Research consultancy Euroconsult has released a report which looks at the maritime and cruise line sector. It finds that in 2020 satellite services for merchant shipping grew 4 per cent to $584 million (€540.7m), but Covid saw the market for cruise ship connectivity plummet. The cruise sector is, however, recovering.

In the report titled Prospects for Maritime Satellite Communications, Euroconsult quantifies the heavy impact of the pandemic on satellite services for the maritime market. With in-depth detail on maritime communications market dynamics today and over the next ten years, the research highlights coming opportunities for consolidation and how non-geostationary orbit (NGSO) satellite constellations will change the playing field.

“There was a surprising disparity in the effect of the pandemic on various sectors of the market. Demand for satellite connectivity for cruise ships plummeted with an 80 per cent reduction in active VSATs compared to the previous year. However, the demand for satellite connectivity for the merchant shipping industry remained strong, driven by increased need for crew welfare due to quarantines and longer times at sea because of Covid-19 restrictions. Merchant shipping remains the largest segment of the maritime connectivity market, generating nearly half of the total maritime VSAT service revenue with $584 million in 2020,” states Euroconsult.

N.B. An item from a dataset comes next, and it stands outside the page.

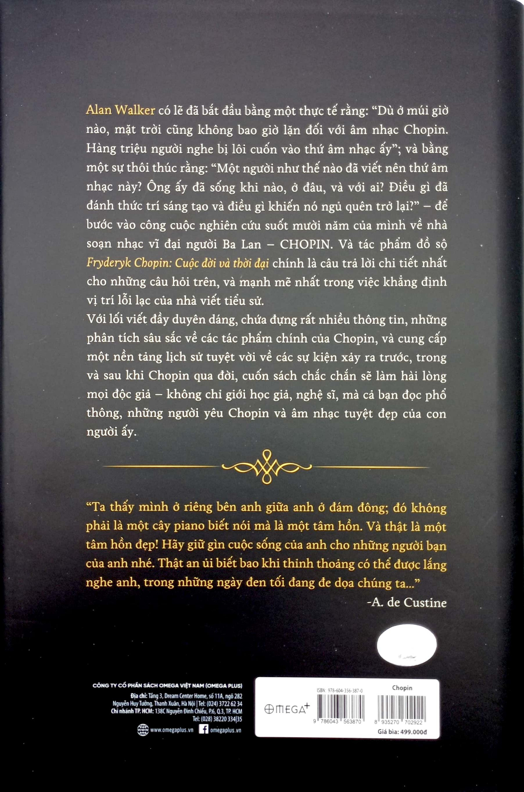 - Điểm nhấn: kết quả của trên 10 năm nghiên cứu ĐÁNH GIÁ/NHẬN XÉT CỦA CHUYÊN GIA Một cuốn tiểu sử lý tưởng về một nhà soạn nhạc chứa đựng những phẩm chất: kiến thức sâu sắc về cuộc đời và hoàn cảnh của người nghệ sĩ, được củng cố bằng việc khảo sát lại tất cả các nguồn sẵn có; sự hiểu biết sâu sắc về tính cách của nhà soạn nhạc (và đôi khi có thể là những tình cảm dành cho tính cách ấy); và khả năng diễn đạt công việc sáng tạo theo cách sẽ gây ấn tượng với cả học giả và công chúng, đồng thời đưa tất cả chúng ta trở lại với âm nhạc. Fryderyk Chopin: A Life and Times của Alan Walker thực sự đã đạt được những điều trên. Đây hiện là cuốn tiểu sử hay nhất của Chopin - tỉ mỉ, uyên bác và được kể theo cách hay nhất. " -- Tim Page, The Washington Post TRÍCH ĐOẠN HAY Tôi muốn khẳng định một điều dù không thể chứng minh nhưng tôi chắc chắn đúng. Trong bán kính năm mươi km từ nơi tôi đang viết Lời mở đầu này, một người nào đó ở đâu đó đang chơi hoặc nghe nhạc Chopin. Nó cũng không phụ thuộc vào vị trí bàn viết của tôi — hiện được đặt gần Toronto. Chuyển nó đến New York, London, Berlin, Vienna, Moscow hoặc Bắc Kinh, và điều khẳng định ấy vẫn sẽ đúng. Dù ở múi giờ nào, mặt trời cũng không bao giờ lặn đối với âm nhạc Chopin. Hàng triệu người nghe bị lôi cuốn vào nó. Các đài phát thanh trên khắp thế giới phát sóng các sáng tác của ông. Doanh số các bản thu âm nhạc Chopin vẫn giữ vững phong độ, ngay cả khi những nhà soạn nhạc khác mất đi sự ái mộ. “Độc tấu Chopin” càng ngày càng được yêu thích, một kịch mục cố định trong phòng hòa nhạc. Các cuộc thi Chopin liên tục xuất hiện trên toàn cầu. Cuối cùng, và đáng chú ý nhất, Chopin đã trở thành biểu tượng của một quốc gia. Ông là người con trai lỗi lạc nhất của Ba Lan. Có nhà soạn nhạc nào khác mà người ta có thể nói về bằng những điều tương tự? Bữa tối được phục vụ vào lúc 5 giờ chiều và sau khi kết thúc, thời gian buổi tối có thể được dành cho việc giải trí. Sand thường có khách khứa đến chơi và khi không khí sau bữa ăn trở nên đặc biệt thoải mái, không khó để thuyết phục Chopin chơi piano và thậm chí chọc cười khán giả với những màn bắt chước nổi tiếng của mình. Sau khi mê hoặc họ với màn biểu diễn piano, anh cố ý phá bỏ sự quyến rũ anh vừa tạo ra. Liếc qua gương, anh chỉnh lại cà vạt, làm rối mái tóc, làm vài điệu bộ tương ứng khiến khán giả phải bật cười với màn bắt chước của mình, theo như lời của Sand “một người Anh lạnh lùng, một người già lạc lõng, một quý bà Anh đa cảm hoặc một tay Do Thái hám lợi. Họ thuộc kiểu đáng thương nhưng hài hước và được thể hiện hoàn hảo đến nỗi mọi người bị thu hút vào màn đó của anh ấy mà không biết chán”. Chính Chopin là người bắt đầu truyền thống diễn kịch và kịch câm ở Nohant với những màn diễn được ứng biến và có đủ vai cho bất kỳ ai muốn tham gia. Các trò giải trí này cuối cùng đã truyền cảm hứng cho Maurice Sand lập nên Nhà hát múa rối Nohant, với dàn nhân vật được lấy ra từ các vở hài kịch ứng tác cũ (commedia del,l’arte) - trong số đó có Arlecchino, Pantalone, Il Dottore và Zanni. Việc sáng tác của anh ấy rất ngẫu hứng, kỳ diệu. Anh ấy có được những ý tưởng mà không phải tìm kiếm chúng, không cần dự đoán về chúng. Chúng đến trên cây đàn piano của anh, bất chợt, hoàn thiện, tuyệt mỹ hoặc ngân lên trong đầu khi anh đi dạo và anh phải chạy vội về, quăng mình vào cây đàn để bản thân lắng nghe chúng. Nhưng sau đó sẽ bắt đầu một quá trình lao động đau lòng hơn mọi thứ tôi đã từng chứng kiến. Đó là một chuỗi những nỗ lực để nắm bắt lại một số chi tiết nào đó của các chủ đề mà anh ấy vừa nghe trong sự bất lực và thiếu kiên nhẫn: những gì anh ấy hình dung về tổng thể được phân tích quá mức trên giấy và sự lo ngại việc ghi chép lại không đầy đủ (theo như ý anh ấy) đã ném anh vào sự tuyệt vọng. Anh giam mình trong phòng cả ngày, rên rỉ, đi lại, bẻ gãy bút, lặp lại hoặc thay đổi ô nhịp hàng trăm lần, liên tục viết ra rồi lại xoá đi và làm lại từ đầu vào ngày hôm sau với sự tỉ mỉ và kiên nhẫn kinh khủng. Anh mất sáu tuần cho một trang nhạc, chỉ để trở lại và viết những gì anh có trong bản nháp đầu tiên. THÔNG TIN THÊM Cuốn sách nhạc cổ điển của năm 2018 do tờ The Sunday Times (Vương quốc Anh) bình chọn. Một trong những Sách hay nhất năm 2018 do tờ The Economist bình chọn VỀ TÁC GIẢ Alan Walker Ông là Giáo sư danh dự tại Đại học McMaster từ năm 1995; Tiến sĩ Walker được phong làm Thành viên của Hiệp hội Hoàng gia Canada vào năm 1986 và được trao tặng Huân chương Hiệp sĩ của Cộng hòa Hungary vào năm 2012. Bài viết của ông đã xuất hiện trên các tạp chí như The Musical Quarterly, Times Literary Supplement và Times Ed

“Still feeling the pressure of lengthy restrictions on international travel, ferries and leisure ships have yet to reach their pre-Covid potential. Nonetheless, large cruise vessels, and more than 60 per cent of passenger cruises, managed to resume service last year; a feat that helped lead to an increase in active VSATs by 32 per cent to 31,100 terminals when compared to 2020. MSS terminals on the other hand fell substantially short with increases of less than 1 per cent,” says the research.

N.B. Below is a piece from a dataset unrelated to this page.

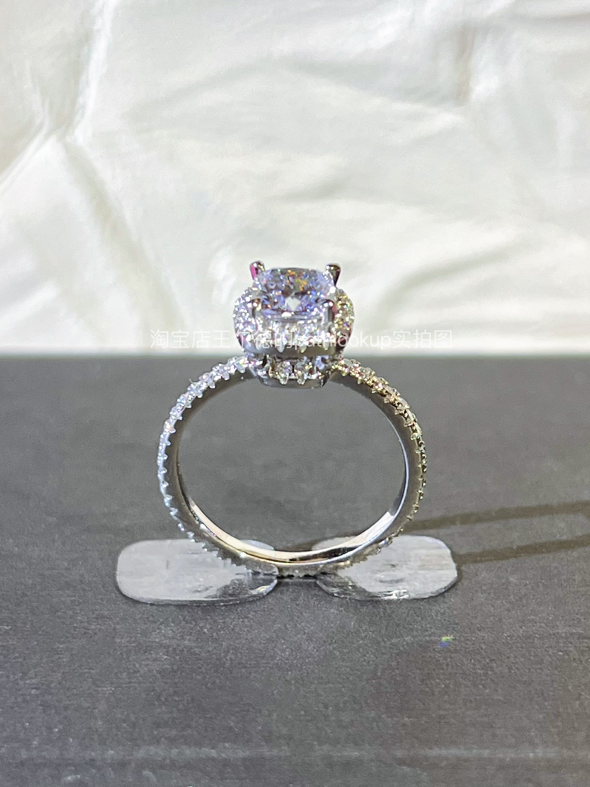 18K金1.25克拉高碳钻石戒指女 豪华精镶满钻结婚订婚钻戒婚礼指环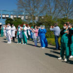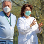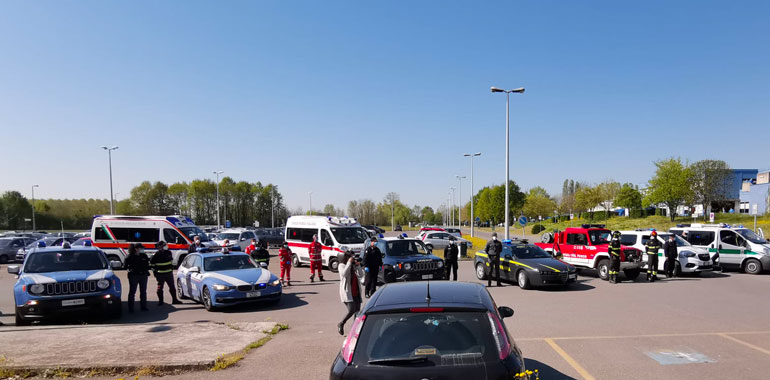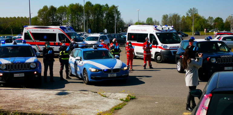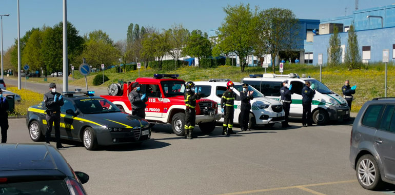 Un grazie scandito dal suono assordante delle sirene che entra nelle carni e alla fine scatena, spontaneo, un applauso degli uni nei confronti degli altri. Manca l’abbraccio ma c’è quello che stringe l’anima: ed è comunque fortissimo.

“Other sectors discussed in the maritime connectivity report include leisure vessels, oil and gas offshore, and the commercial fishing industry. The former two suffered from the pandemic with lowered revenues however, the market for connectivity services for fishing vessels grew by six percent. Euroconsult forecasts that the fishing industry has further growth potential for mobile satellite services. With the entire value chain severely impacted by the losses in the cruise, leisure, and offshore markets, 2020 was a year of restructuring for many satellite service providers,” the report states.

Overall, last year brought a positive cheer to the maritime market after a two-year uncertainty brought about by the pandemic; data connectivity needs across the maritime market have settle on an accelerating trend favoured by a greater reliance of end-users to data-centric applications, therefore opening new opportunities for the market.

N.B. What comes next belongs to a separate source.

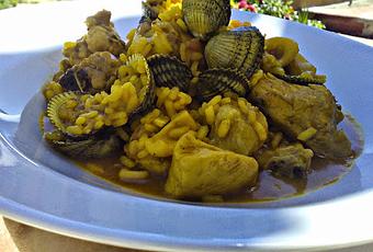 &version; Para 6 personasIngredientes:- 1 kilo de arroz - 1/4 kilo de berberechos- 1 pollo en trozos- 1/4 kilo de gambas arroceras - 1 pimiento verde - 1 pimiento rojo - 2 tomates maduros - 1 limón - sal, aceite y agua.- colorante alimenticio u azafrán Elaboración:Pelamos las gambas, las cascaras y las cabezas las colocamos en un cazo y las ponemos a cocer para preparar un fume para nuestra paella, colocamos nuestra paellera en el fuego y refreímos el pollo y el conejo hasta que este la carne dorada, a continuación añadimos los pimientos previamente cortados en trocitos, y dejamos refreír todo junto a fuego lento.Rallamos los tomates en un plato y añadimos a nuestra paella y sofreímos todo junto, incorporamos los berberechos una vez bien lavadas y dejamos cocinar hasta que se abran. Cogemos nuestro arroz y lo vaciamos en un bol donde entre todo , pues luego mediremos a la hora de echar nuestro fume , en mi caso suelo echar 2 partes y media por el arroz que le pongo ,dejamos que comience a cocinar a fuego fuerte hasta que empiece a hervir y después bajamos un poco el fuego , probamos el caldo y corregimos el punto de sal a nuestro gusto , cuando se consuma el caldo , retiramos y colocamos nuestro limón encima en trocitos , y tapamos 2 minutos dejándolo reposar ,espero que os salga muy bueno ....Mi receta esta presentada sobre platos de porcelana de la fábrica Porvasal en Chiva (Valencia).Receta elaborada con el menaje de hostelería y cocina de la fábrica Supreminox en Vilassar de Mar en (Barcelona).&version;

“It has been a tricky couple of years for the Maritime Connectivity market, however we are beginning to see a rise in bandwidth demand, as well as increases in revenue, and terminal manufacturing,” said Vishal Patil, Consultant at Euroconsult and editor of the report. “There is still a long way to go to reach pre-pandemic levels, but with competition getting stronger, the premise of new NGO constellations and with service providers remaining actively invested in the development of value-added services, the outlook for the global maritime market is a positive one.”